Effective and quick metal 3D Printing is tantamount to the Holy Grail of additive manufacturing. Companies are in a full-scale arms race to establish the most effective means of moulding metal into malleable forms and in accordance, sales have been rising annually. Metal 3D printing is poised to kickstart a whole new renaissance in manufacturing. So far, there are multiple types of metal 3D printing that each have their own benefits and drawbacks. Here are some of the most common types used to digitally craft metal objects.
Selective Laser Melting (Powder Bed Based)

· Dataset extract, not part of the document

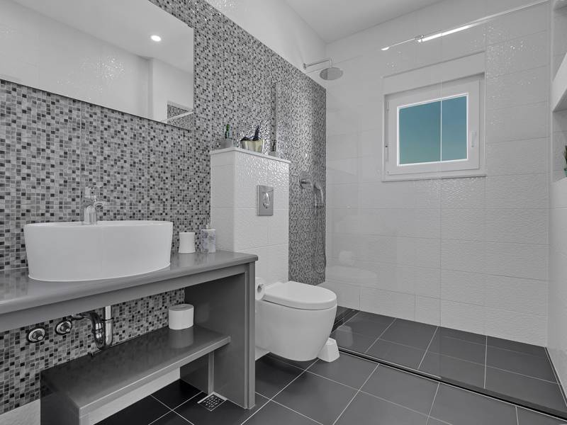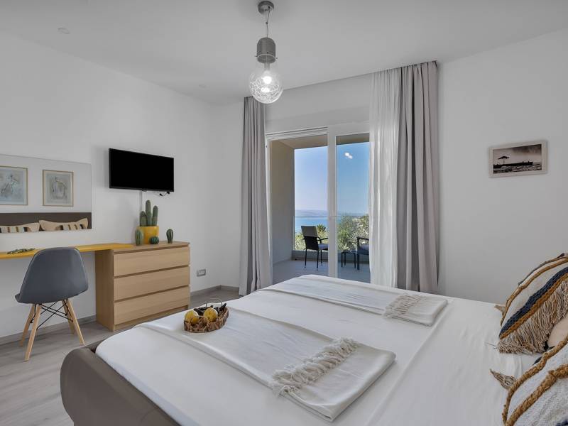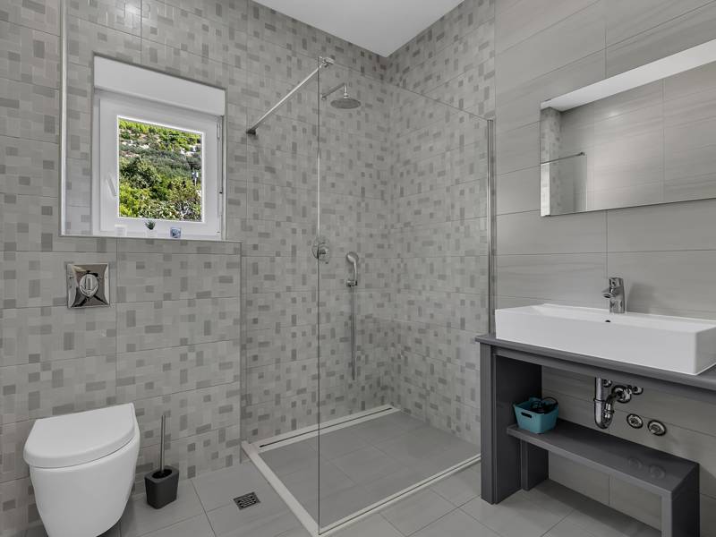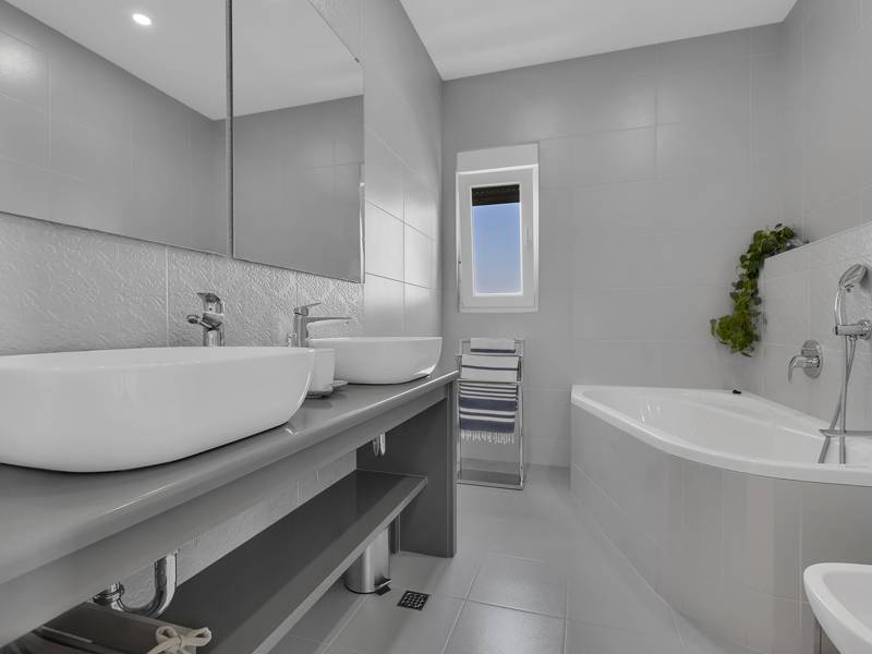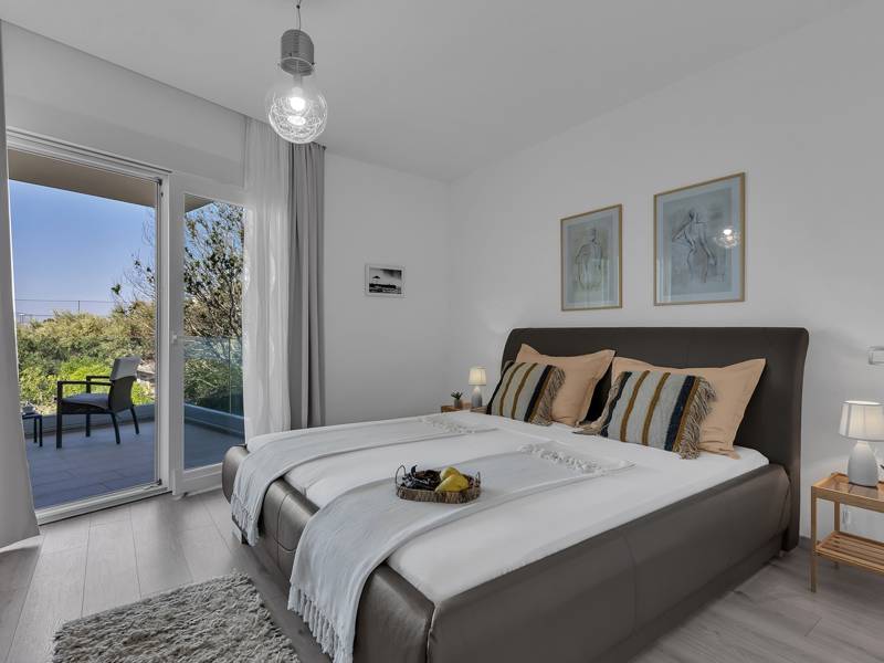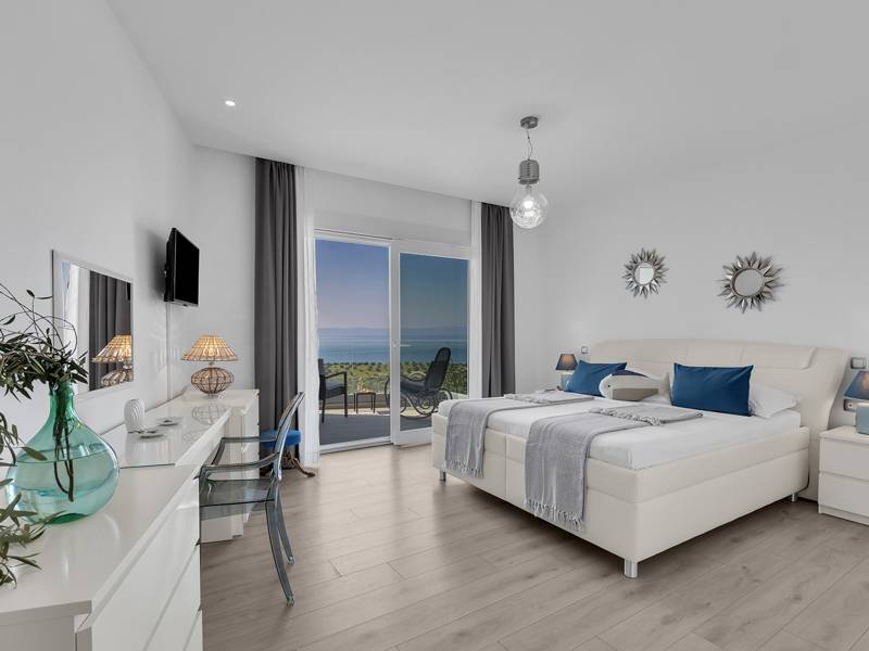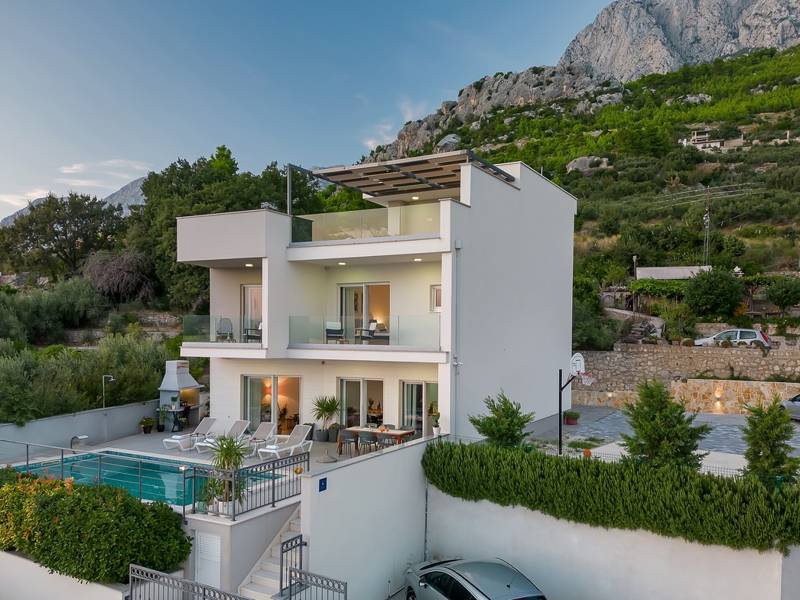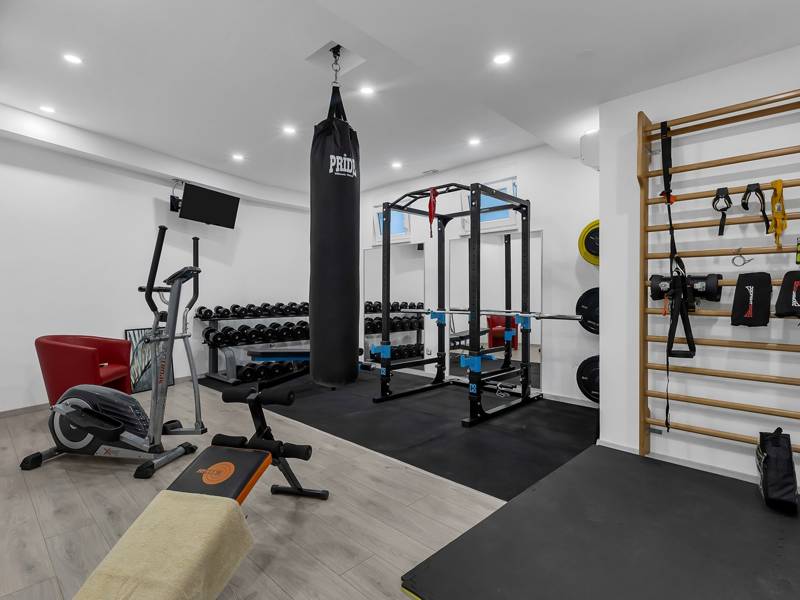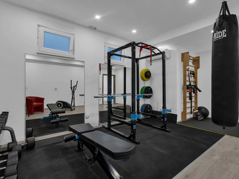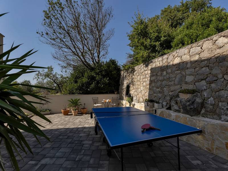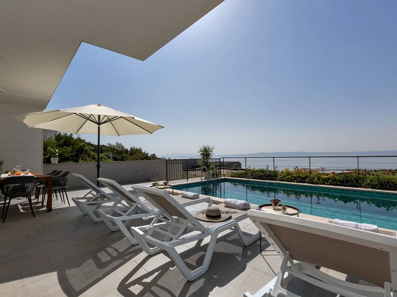 New modern house with private heated pool, surrounded by greenery and private basketball court, with beautiful sea view on south and mountain from the north, is ideal for family vacations. It has 4 floors. In the basement there is a fully equipped gym. On the ground floor there are a spacious living room, kitchen and dining room, as well as a bedroom with a sofa bed and a toilet. On the first floor there are 3 bedrooms with double bed and private bathrooms and balconies. On the second floor there is a sunbathing area of 100 m2, mini kitchen and bathroom.Guests can use the garden furniture, barbecue and outdoor shower.This villa disposes garage and additional entertainment facilities - children's corner, PlayStation, table tennis, social games. Next to the garage you can use private newly build basketball court.This villa is pet friendly, but in case you are traveling with more than one pet, please send us an inquiry first.Object ID: ctma246

SLM refers to the metal 3D printing method of using lasers to melt and recombine powders. This method is fantastic for rearranging alloys. SLM is very similar to Direct Metal Laser Sintering and according to rumours the name difference is due a falling out between the parties developing the method and varying patents. Nonetheless, both methods make use of lasers to arrange a wide spectrum of alloys.
Selective Laser Sintering (Powder Bed Based)

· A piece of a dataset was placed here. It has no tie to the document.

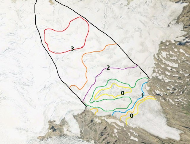 On Aug. 11, 2021, the glacier had only 38% snowcover, with more than 50% of the area above 2500 m having lost all winter 2021 snowcover. By summer’s end the glacier will certainly have the lowest percentage of snowcover of any year since we began monitoring in 1990. The bench at 2000 m typically has 2.75 m of snowpack on Aug. 10, and this year was 50% bare, with an average depth of 0.25 m. The icefall above also lacked snowcover as well. There are a number of pockets/basins, where wind deposition increased snow depth and this snowpack will be retained.
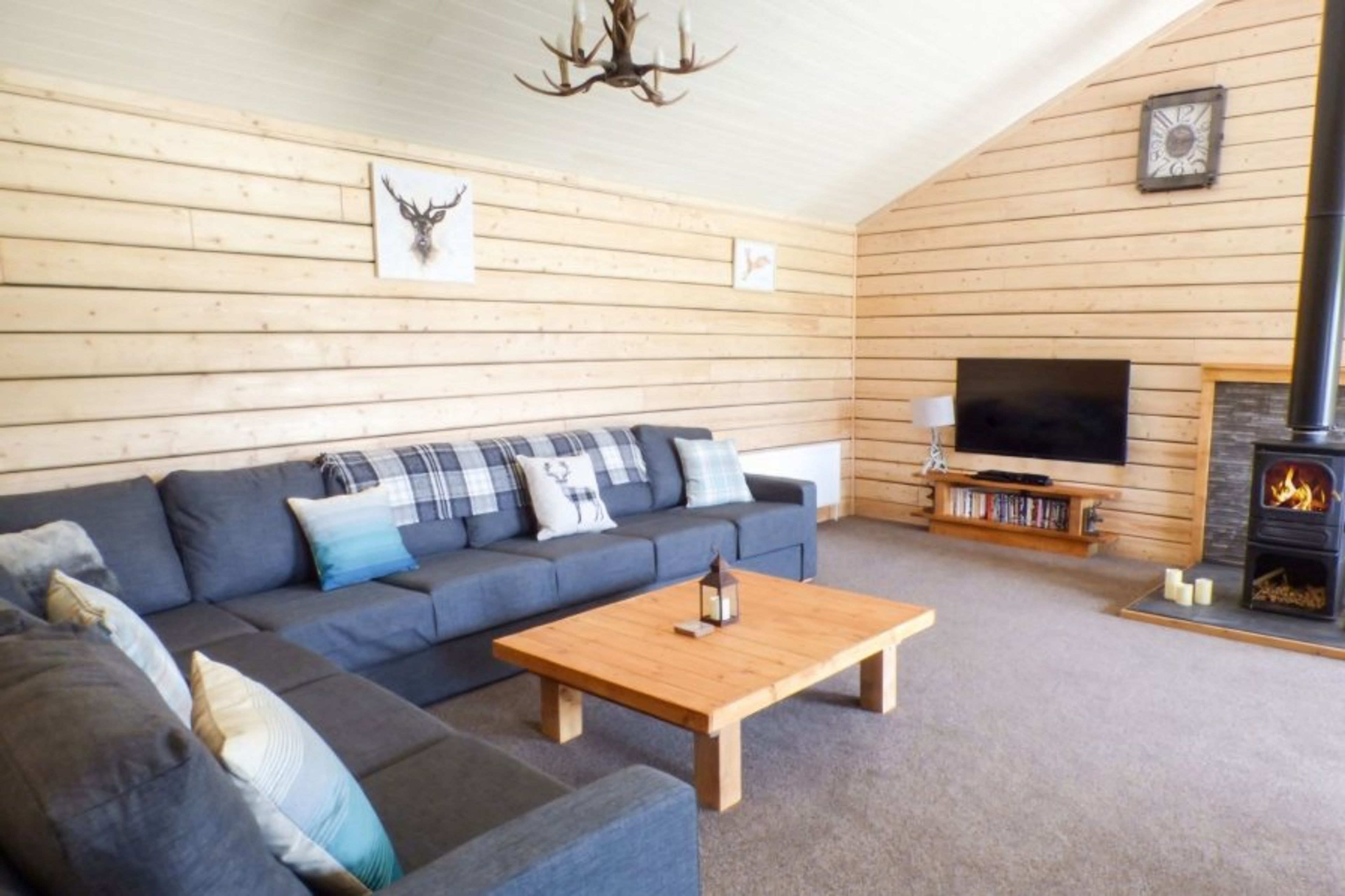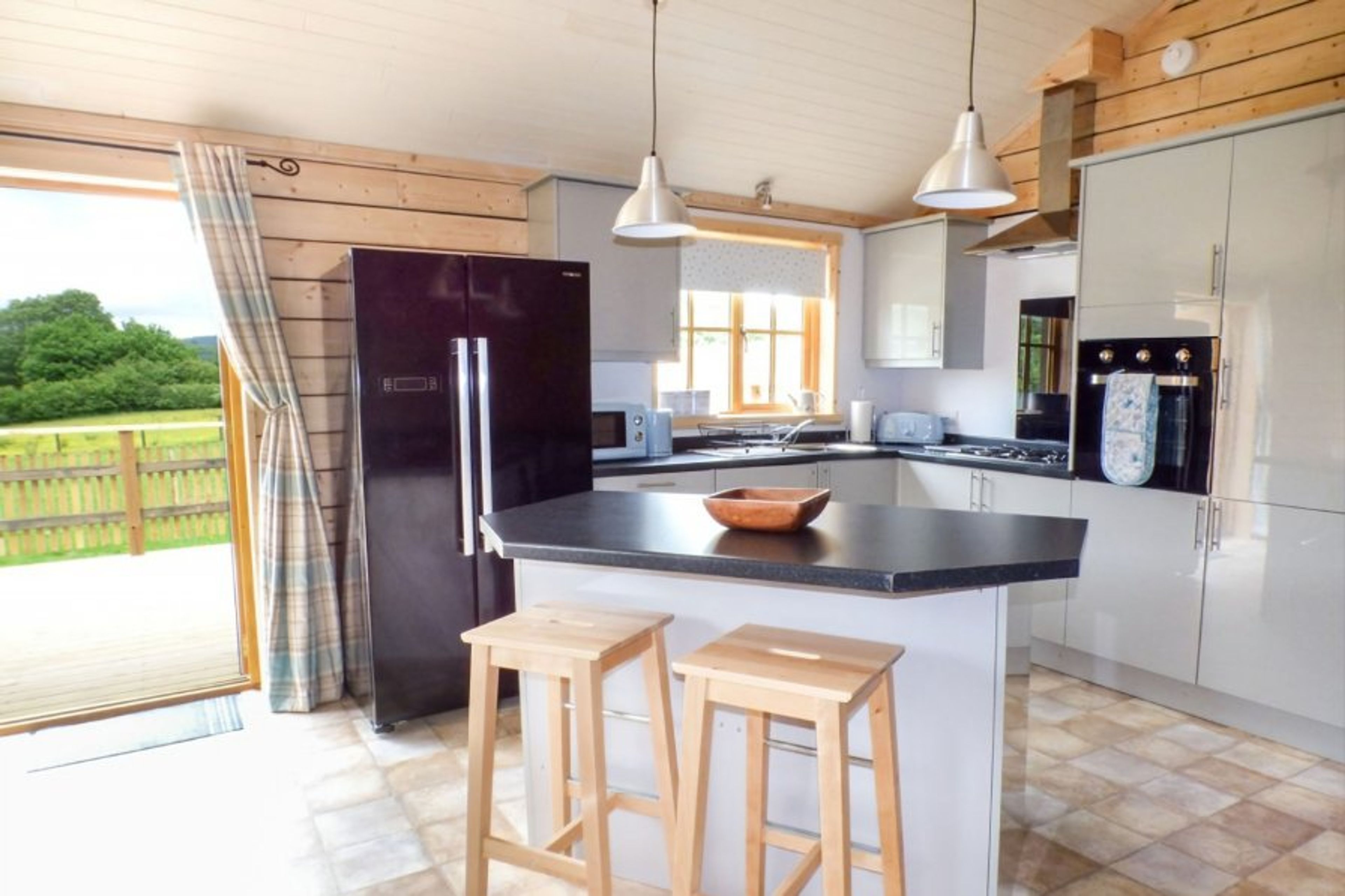 The cabin has a large open-plan living area. Fully fitted kitchen with everything you need for your stay. 50inch tv with Freesat and firestick. Dining area for 6 people.

SLS, while mostly used for plastics, can also be used for certain types of metals. SLS and SLM are among the most common means by which metals are 3D printed, also known as Direct Metal Laser Sintering (DMLS) and Direct Metal Laser Melting (DMLM). These methods are quite similar to the point of being confused for each other very often. The difference lies in what materials they affect. SLM sinters powders making it useful for alloys as opposed to SLS which processes single element metals and certain alloys. SLS displays a far wider range of material powders that it can work with and it can achieve varying levels of density in creating structures. Another difference is that SLS requires the elements to be fully melted. The main companies operating in SLS and SLM are ‘3D Systems‘ and ‘EOS‘.
Robocasting is a fairly obscure practice used to make ceramic models or thin layer inks of certain types with various materials. The thin nozzle allows for a very precise mode of action with elaborate designs being woven by the printer. Nitrides, metals and composites have been used for this method. The end-products are very high strength and the method is very material efficient. “Robocasting Enterprises LLC” is the main company operating in this field.
Binder Jetting and Inkjet 3D Printing
Originally developed in MIT, this metal 3D printing method uses powders just like in SLS, but instead of laser technology in makes use of binding agents. The process is carried out layer by layer till it produces a 3D model. This form of metal printing is used by ExOne. This type of printing leaves a lot of powder residue after processing, but luckily it can be reused easily. On of its greatest advantages is the speed with which it generates models. One of the innovations made by binder jetting was the ability to use 2 materials in a single print.
This site has covered the basics of magnetojet 3D printing before. This system is primarily employed by Vader Systems. The method uses a metallic ink that is sprayed down and magnetised to produce very quick and elaborate different shapes. It is being used by Lockheed-Martin in aeronautics.
Directed Energy Deposition
DED is actually a blanket term that covers a large swathe of Additive Manufacturing terms. These methods include ‘Laser engineered net shaping’, ‘directed light fabrication’, ‘direct metal deposition’ and ‘3D laser cladding’. Its main use is to add to existing objects rather than creating a whole new one from scratch. A material or wire is heating with a laser on top of an existing object, soldering them together when using any DED method. It provides a very high ability to control the structure of the grains making it ideal for intricate repair work. Compared to other methods, very few materials are available for use in DED which can put it at a disadvantage.
Electron Beam Freeform Fabrication
Originally developed by NASA a decade ago, EBFE is a method primarily used in aeronautics. This method can craft surprisingly complex geometric shapes with no material waste whatsoever. It was a natural metal 3D printing method for space agencies to use because of its ability to create lightweight shapes boosting fuel conservation. As the name suggests, it uses electron beams to solidify a melting wire. This is a great method for transforming nearly liquified metals into new shapes.